As the two warriors spun apart, the dracoth took on the daemon-hound, and together the two beasts fell into a snarling, snapping brawl. Khul swept back in close, thrusting his blade at Vandus’s body, and this time the collision nearly wrenched Heldensen from his grip.

‘Your gifts have not made you stronger,’ said Khul, mockingly. ‘You were weak then, you are weaker now.’

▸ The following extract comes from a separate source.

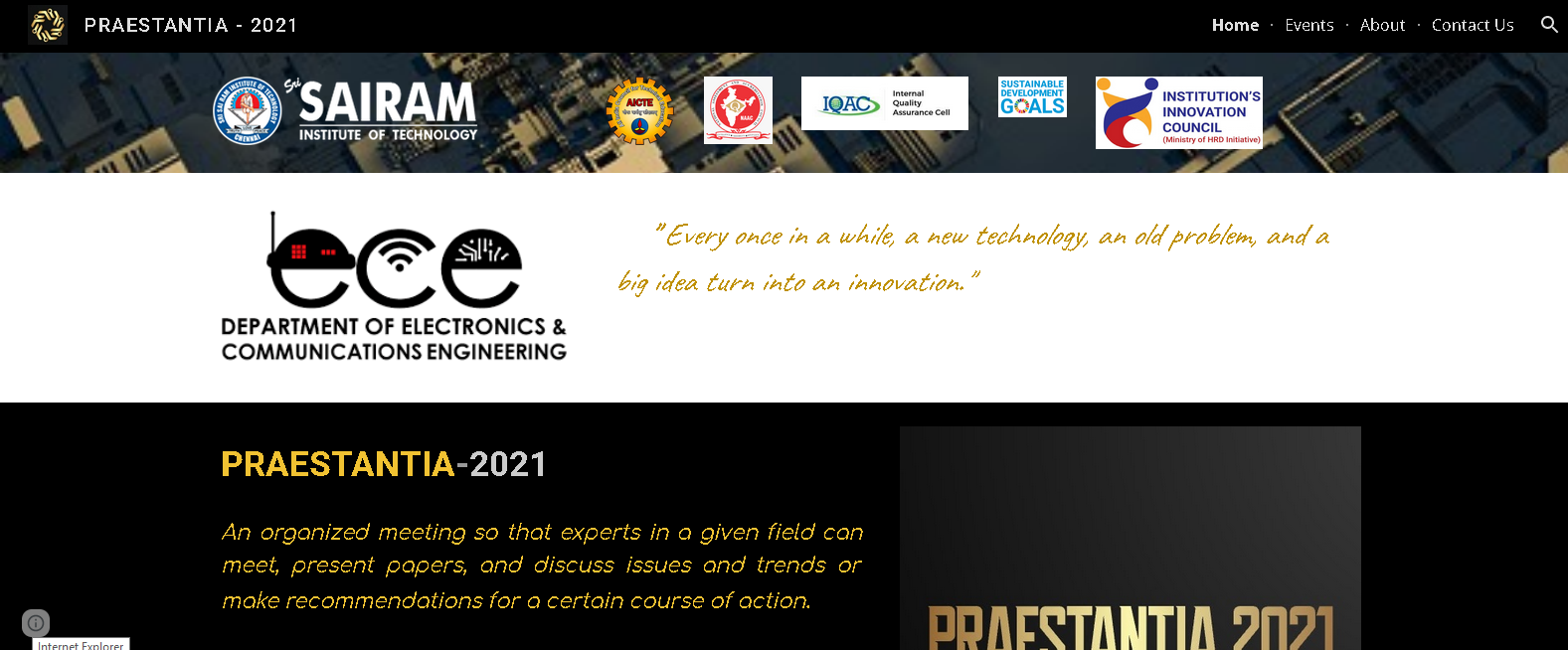 Praestantia 2021 Sri Sairam Institute of Technology Chennai Tamil Nadu October 2021 Technical Fests Technical Fests in Chennai 2021 Technical Fests in Tamil Nadu Symposiums Symposiums in Chennai 2021 Symposiums in Tamil NaduFeatured Events

Vandus swung the hammerhead across, generating huge momentum, but the blow rebounded from Khul’s counter-strike and the fires along its ensorcelled length guttered out. Calanax was holding its own against Grizzlemaw, but nothing seemed to harm the Lord of Khorne. They traded more swipes, denting and cracking the armour they both wore, and neither broke through to give the decisive wound. The wider battle raged about them, though no warrior dared to intervene in their lords’ duel, locked as they were in deadly struggles of their own.

Khul changed tack then, falling back by a stride’s length. The dracoth sensed the retreat and thrust after him, trying to seize him by the neck. Grizzlemaw leapt for the creature’s scaled shoulder and lodged fast, driving its yellow teeth into the flesh. The dracoth reared, wrenching himself from the daemon-hound’s grip, giving Khul his opening as Vandus struggled to control his mount — the warlord’s axe found a way through, biting deep along Vandus’s armoured thigh, and the Lord-Celestant cried aloud.

The blood warriors in earshot roared with scorn as they heard the sound, and the Liberators felt a shard of doubt enter their souls. The duel had become the locus around which the entire battle revolved — with no breakthrough from either army, it had come down to the survival of the lords that led them.